* _Work request_
Output exactly, and only, the lines below from the one with "The North Face®" down to the one with "Soon as a Faller". Include both end lines and no pictures.

* _Input data_
-*-

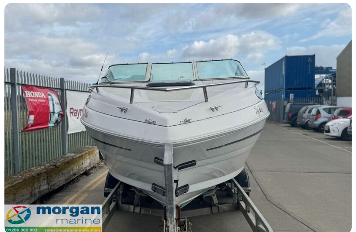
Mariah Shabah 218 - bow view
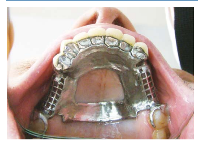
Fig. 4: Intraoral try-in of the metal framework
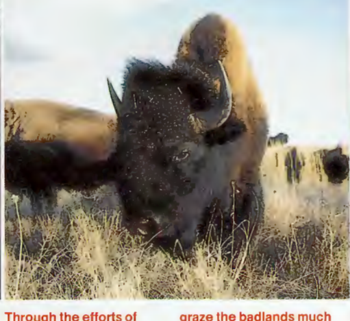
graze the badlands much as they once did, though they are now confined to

-*-

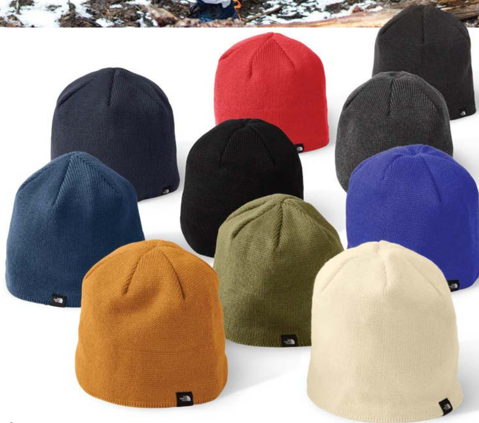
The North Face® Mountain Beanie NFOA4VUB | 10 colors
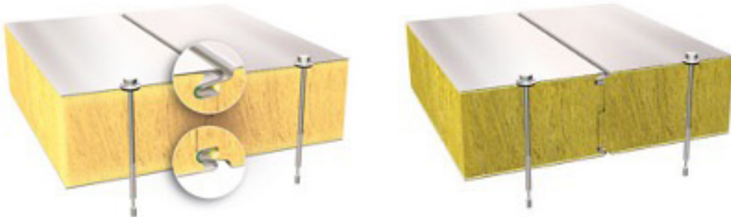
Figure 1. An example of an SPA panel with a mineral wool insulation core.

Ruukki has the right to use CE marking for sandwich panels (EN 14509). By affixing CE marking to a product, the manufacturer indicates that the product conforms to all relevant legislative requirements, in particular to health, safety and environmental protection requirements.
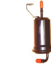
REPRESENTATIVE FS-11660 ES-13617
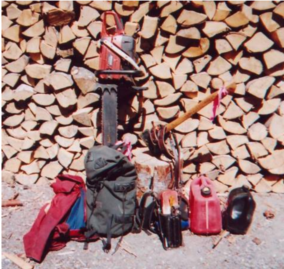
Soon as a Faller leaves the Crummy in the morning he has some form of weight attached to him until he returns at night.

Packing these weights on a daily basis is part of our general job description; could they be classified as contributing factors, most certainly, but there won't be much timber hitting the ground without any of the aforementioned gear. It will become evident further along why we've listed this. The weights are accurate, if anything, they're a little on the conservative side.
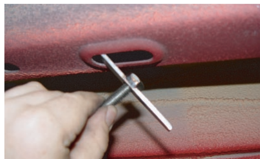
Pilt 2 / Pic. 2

-*-

* _Response_
The North Face® Mountain Beanie NFOA4VUB | 10 colors
Figure 1. An example of an SPA panel with a mineral wool insulation core.

Ruukki has the right to use CE marking for sandwich panels (EN 14509). By affixing CE marking to a product, the manufacturer indicates that the product conforms to all relevant legislative requirements, in particular to health, safety and environmental protection requirements.
REPRESENTATIVE FS-11660 ES-13617
Soon as a Faller leaves the Crummy in the morning he has some form of weight attached to him until he returns at night.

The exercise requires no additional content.